Cha Yonghan, Seo Sung Hyo, Kim Jung-Taek, Kim Jin-Woo, Lee Sang-Yeob, Yoo Jun-Il
Department of Orthopaedic Surgery, Daejeon Eulji Medical Center, Eulji University School of Medicine, Daejeon, Korea.
Department of Biomedical Research Institute, Gyeongsang National University Hospital, Jinju, Korea.
J Bone Metab. 2023 Aug;30(3):263-273. doi: 10.11005/jbm.2023.30.3.263. Epub 2023 Aug 31.
The purpose of this study was to verify the accuracy and validity of using machine learning (ML) to select risk factors, to discriminate differences in feature selection by ML between men and women, and to develop predictive models for patients with osteoporosis in a big database.
The data on 968 observed features from a total of 3,484 the Korea National Health and Nutrition Examination Survey participants were collected. To find preliminary features that were well-related to osteoporosis, logistic regression, random forest, gradient boosting, adaptive boosting, and support vector machine were used.
In osteoporosis feature selection by 5 ML models in this study, the most selected variables as risk factors in men and women were body mass index, monthly alcohol consumption, and dietary surveys. However, differences between men and women in osteoporosis feature selection by ML models were age, smoking, and blood glucose level. The receiver operating characteristic (ROC) analysis revealed that the area under the ROC curve for each ML model was not significantly different for either gender.
ML performed a feature selection of osteoporosis, considering hidden differences between men and women. The present study considers the preprocessing of input data and the feature selection process as well as the ML technique to be important factors for the accuracy of the osteoporosis prediction model.
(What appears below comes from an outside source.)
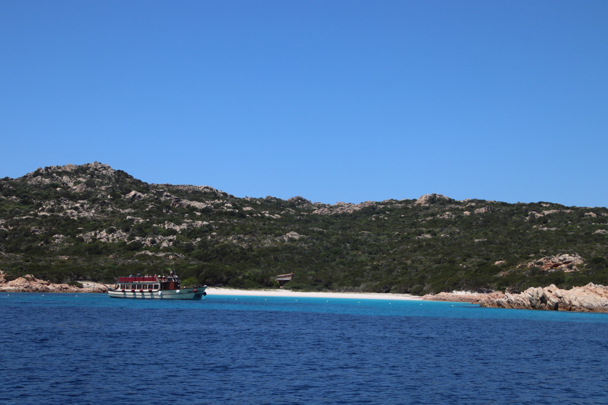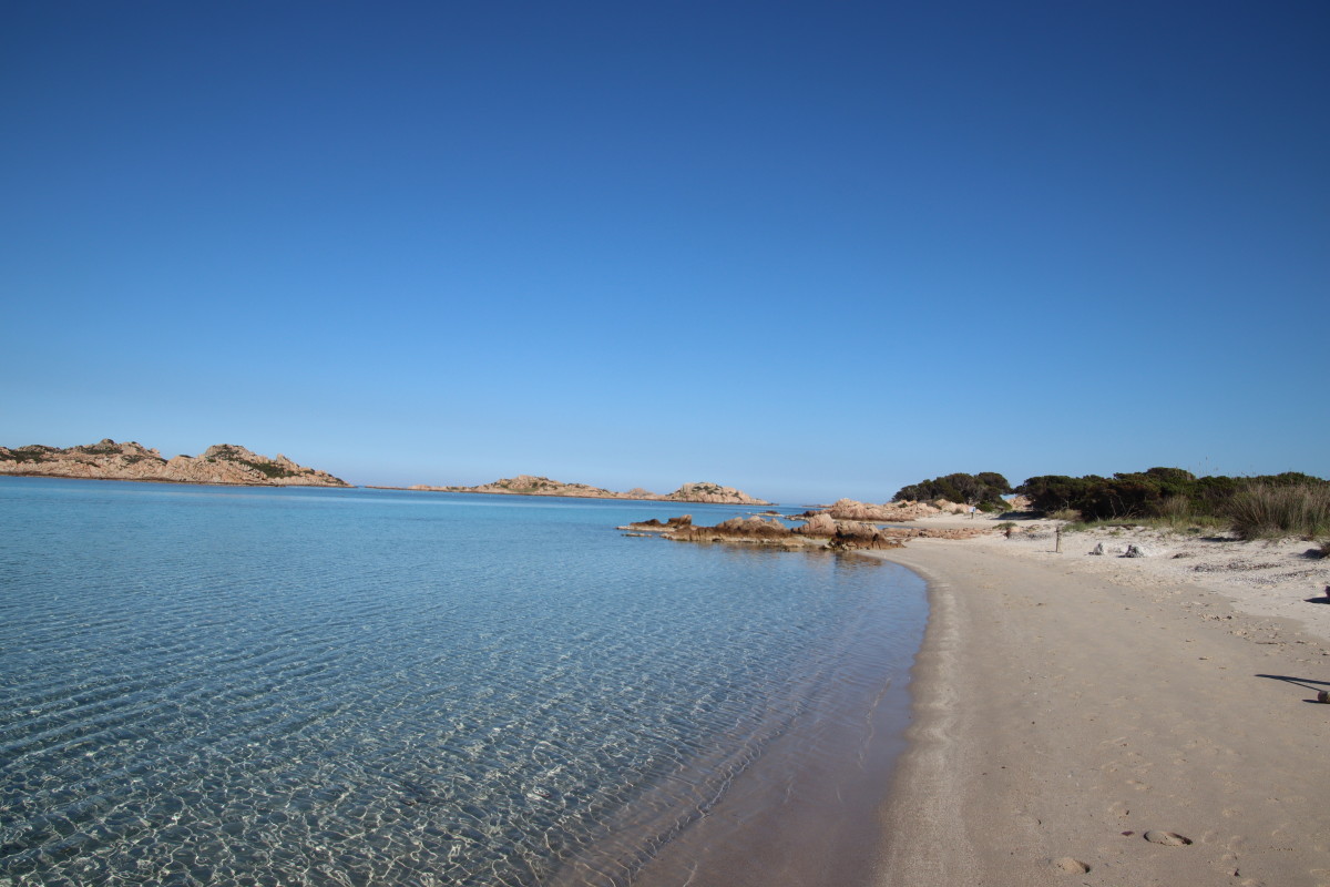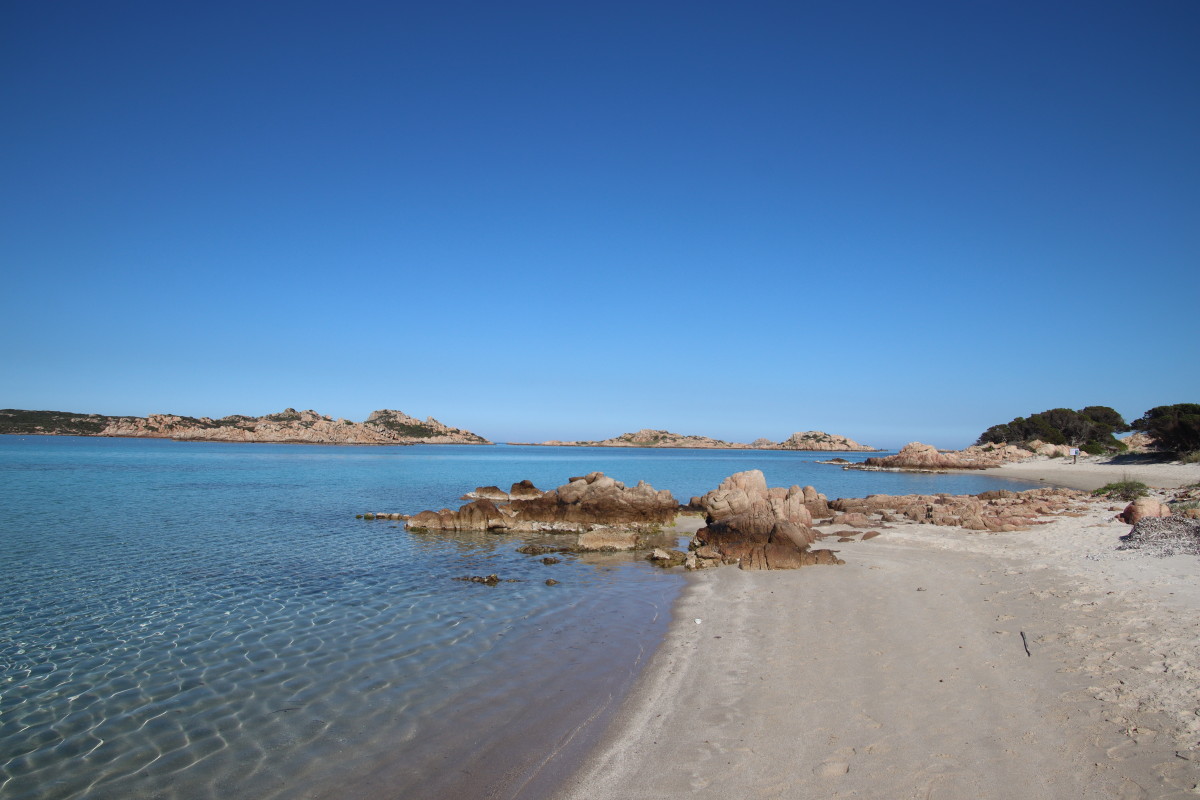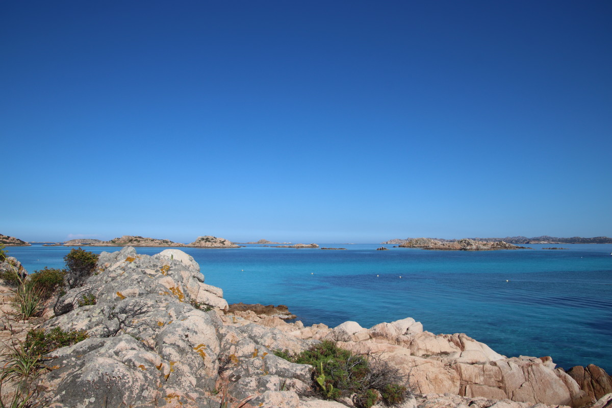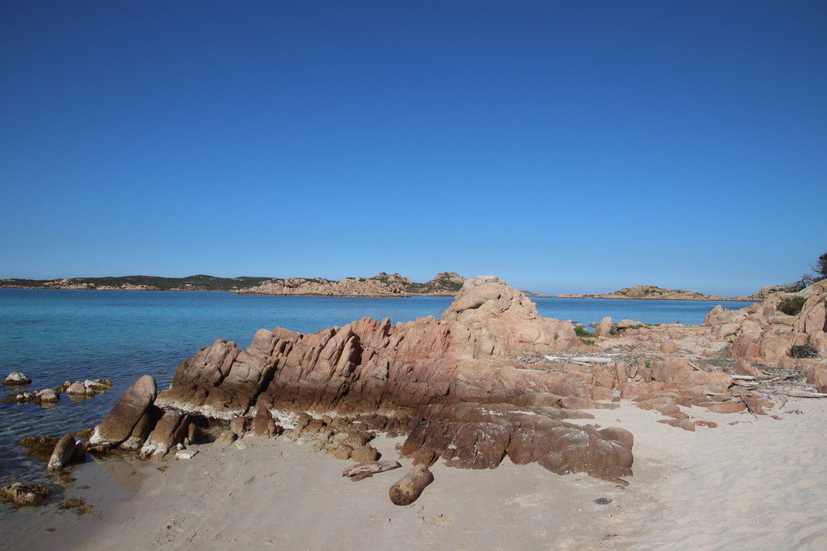 Le 10 Mai nous quittons Caprera et tirons des bords dans une brise évanescente pour nous faufiler entre les îles : San Stefano, La Maddalena, Spargi pour venir ancrer à Budelli juste à l’entrée sud du « lagon » formé par les îles Budeli, Santa Maria et Razzoli.

本研究的目的是验证使用机器学习(ML)选择风险因素的准确性和有效性,辨别ML在男性和女性之间进行特征选择的差异,并在一个大型数据库中为骨质疏松症患者开发预测模型。
收集了来自韩国国家健康与营养检查调查的3484名参与者的968个观察特征的数据。为了找到与骨质疏松症密切相关的初步特征,使用了逻辑回归、随机森林、梯度提升、自适应提升和支持向量机。
在本研究中通过5种ML模型进行骨质疏松症特征选择时,男性和女性中作为风险因素被选中最多的变量是体重指数、每月饮酒量和饮食调查。然而,ML模型在骨质疏松症特征选择上男性和女性之间的差异在于年龄、吸烟和血糖水平。受试者工作特征(ROC)分析显示,每个ML模型的ROC曲线下面积在两种性别中均无显著差异。
ML在考虑男性和女性之间潜在差异的情况下对骨质疏松症进行了特征选择。本研究认为输入数据的预处理、特征选择过程以及ML技术是骨质疏松症预测模型准确性的重要因素。